The sacrifice that Jesus speaks of here is the Greek word “thusia,” which sounds to me (in my opinion alone, so throw this out if you don’t agree) like our English word “enthusiasm.” It is the sacrifice of an actual victim to atone for sin or increase purity. This sacrifice was good and fitting under the old covenant and the written Law of Moses, but now there is grace to cover a multitude of sins. True understanding of this Grace leads to an attitude of Mercy and loving-kindness, not sacrifice or enthusiastic pursuit of piety through isolation from society. Yes, the Pharisees are extremely slow and outdated in their religious enthusiasm. The “religious” lifestyle is the main theme in the lives of these “pious ones,” rather than the lifestyle of relationship.

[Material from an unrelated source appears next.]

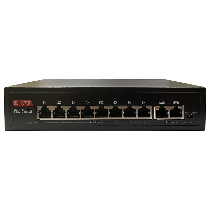HN-POE208 V2 – неуправляемый коммутатор на 10 портов, 8 из которых с поддержкой технологии POE стандарта 802.3af/at (Type A) 100Мбит. Максимально поддерживаемая мощность подключаемых устройств составляет 30Вт на порт. Дополнительно присутствуют 2 порта с максимальной скоростью до 100Мбит: один для подключения видеорегистратора или другого видеозаписывающего устройства, другой для подключения к сети интернет-провайдера. Данный комутатор может работать в режиме IPC, который позволяет передавать данные без питания по PoE на расстояние до 250 метров на скорости до 10 Мбит/с. Максимальная суммарная нагрузка на POE составляет 135 Вт

Jesus says, in essence, “ I desire relationship, not religion.” Without this process of recognition of sickness, reception of grace and mercy, and implementation of this grace and mercy, true discipleship is impossible. This truth is why Jesus “reclined” at the table of the societal outcasts and rejects rather than the perfectly organized and clean, kosher tables of the pious Pharisees. Jesus operated under a new code, and this code would revolutionize the world. Will we let it bring us to our knees and then cause us to arise and go out with ACTIVE mercy?

1 comment:

  1. Great post! It's something that few people grasp, and it's so important for having an amazing relationship with God. Thank you.